このようにして、いますばらしい環境でさせていただいています。我々は現地のスタッフに4つのことをやっていただきたいと伝えています。

1つ目は、インドネシアのハラル料理に日本料理をプラスしようということで、料理の組み合わせに関して検討させていただいています。2つ目は、やはり日本のおもてなしをきちんとするということです。

3つ目は、日本の演出でよいものがあれば、インドネシアに合うか合わないかテストしながら導入しようということです。そして4つ目に、デコレーションも、日本とインドネシアでコラボできるようなものがあればいいんじゃないかなと、いろいろと計画しています。

いろんな夢がありまして、やりたいことがたくさんあります。具体的にいえないのが非常に残念なのですが、新規出店もいろいろ考えています。

また、(事業の)多角化として、当社には約150名のシェフ・調理長・パティシエがおり、彼らの中には非常に優秀な技術力がある人間がいますので、彼らを活かしながら、新しい事業に進出しようとも考えています。

食のビジネスですので、非常にハードルが高いと思いますが、やはり安全・安心でおいしいもの、きちんとしたものを提供できる工場をやれればなと思っています。

海外についても、現在は海外ウェディングを展開していますが、別の海外ビジネスを計画しています。

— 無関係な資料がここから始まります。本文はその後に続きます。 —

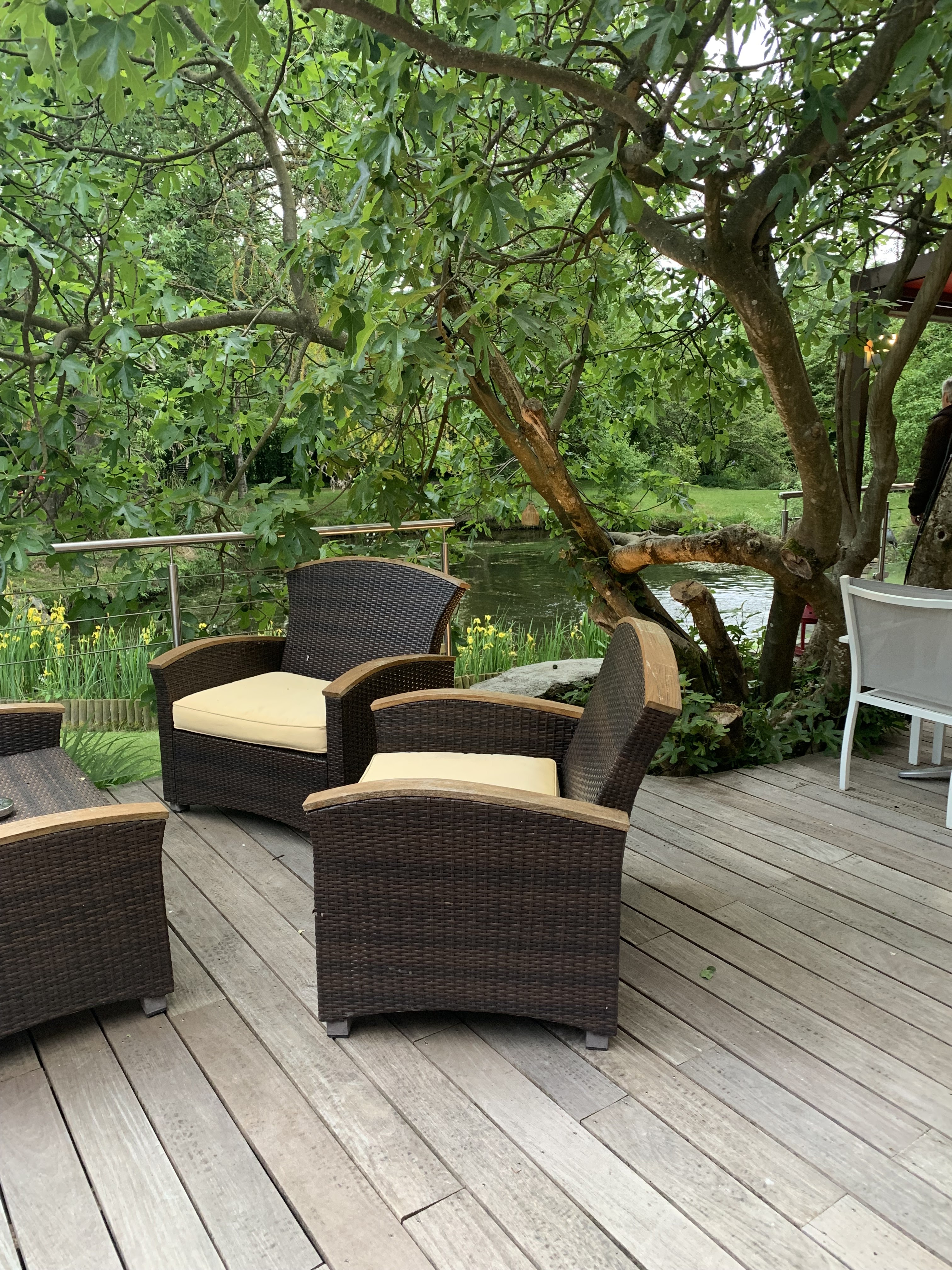 Cadre superbe dîner sur ou terrasse avec un petit étang qui apporte une touche de fraîcheur, repas excellent très bon rapport qualité prix

これについては、来年(2020年)の春頃には発表できるのではないかと思っております。

計画して、出店して、そして実がなるまで、2年あるいは3年かかるかもしれませんが、我々は次の展開として、夢のある事業を展開していきたいと考えています。今年も来年も堅調に進めながら、2年先・3年先は大いなる飛躍をしていきたいという思いを持っています。

以上、簡単で駆け足ですが、説明を終わらせていただきます。ご清聴、誠にありがとうございました。